Ces deux vers-là son d’un poëte ; mais celui-ci est d’un homme plus pénétré :

Qu’il devient scélérat quand Delphes l’a prédit.

Il suffisait de quatre vers de cette force dans la bouche d’Œdipe ; le reste ressent trop la déclamation, ce qui était en effet le grand défaut de Corneille. Ce qu’on a jamais écrit de plus grand et de plus sublime sur la liberté se trouve au septième chant de la Henriade (285-96) :

Sur un autel de fer, un livre inexpliquable
Contient de l’avenir l’histoire irrévocable.
La main de l’Éternel y marqua nos désirs,
Et nos chagrins cruels, et nos faibles plaisirs.
On voit la liberté, cette esclave si fière,
Par d’invincibles[1] nœuds en ces lieux prisonnière :
Sous un joug inconnu, que rien ne peut briser,
Dieu sait l’assujettir sans la tyranniser ;
À ses suprêmes lois d’autant mieux attachée
Que sa chaîne à ses yeux pour jamais est cachée.
Qu’en obéissant même elle agit par son choix,
Et souvent aux destins pense donner des lois.

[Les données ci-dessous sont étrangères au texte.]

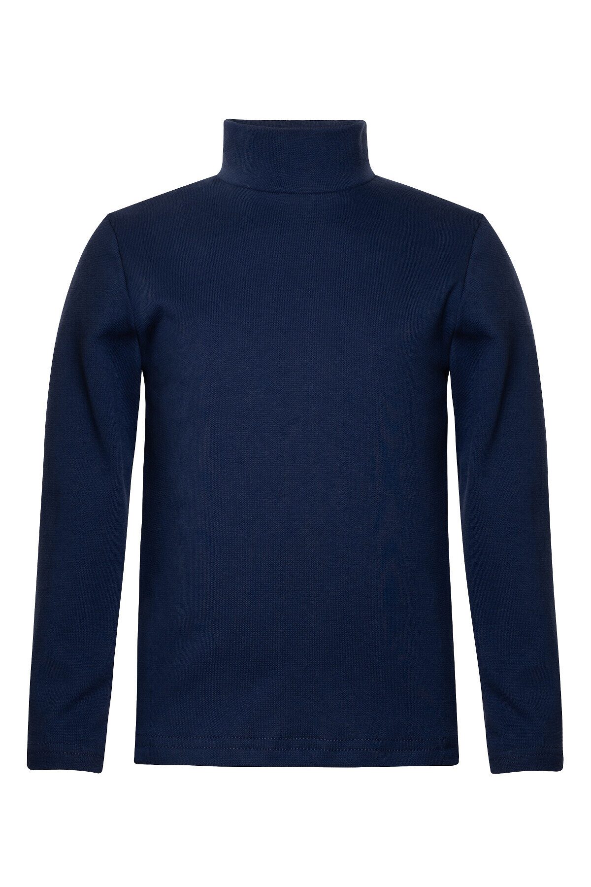 Удобная детская водолазка темно-синего цвета одинаково хорошо будет смотреться как с юбками, так и с брючками. Изделие сшито из хлопковой рибаны с добавлением нитей лайкры – водолазка хорошо тянется и плотно облегает тело, при этом она довольно нежная на ощупь. Небольшая двуслойная горловина надежно закрывает шею ребёнка.>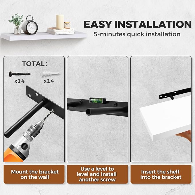 - Stable Floating Brackets: The shelves include hidden steel brackets for secure and wobble-free support. This clean floating look seamlessly blends into any room, whether it’s the living room, kitchen, or office

Il me semble qu’on ne peut présenter sous une image plus parfaite cet accord inexplicable de la liberté de l’homme et de la prescience[2] de Dieu, et qu’un tel morceau vaut mieux que vingt volumes de controverse sur ces matières inintelligibles.

Un fils de l’illustre Racine a fait un poème sur la Grâce, dans lequel il était bien naturel qu’il parlât de la liberté. Cependant il n’y a aucun trait frappant qui caractérise cet attribut de la nature humaine, que tant de philosophes lui contestent.

Voici le morceau de ce poème où l’auteur traite de la liberté, d’une manière plus particulière :


Si l’on en croit pourtant un système flatteur,
Pour le bien et le mal l’homme également libre
Conserve, quoi qu’il fasse, un constant équilibre.
Lorsque, pour l’écarter des lois de son devoir,
Les passions sur lui redoublent leur pouvoir,

  1. On lit invincibles dans toutes les éditions de l’opuscule intitulé Connaissance des beautés, etc. ; mais c’est une fausse citation. Toutes les éditions de la Henriade portent invisibles. (B.)
  2. Toutes les éditions, même celles de 1749 et 1750, portent ici présence. Mais il m’a paru évident qu’il faut prescience ; et j’ai mis ce mot. (B.)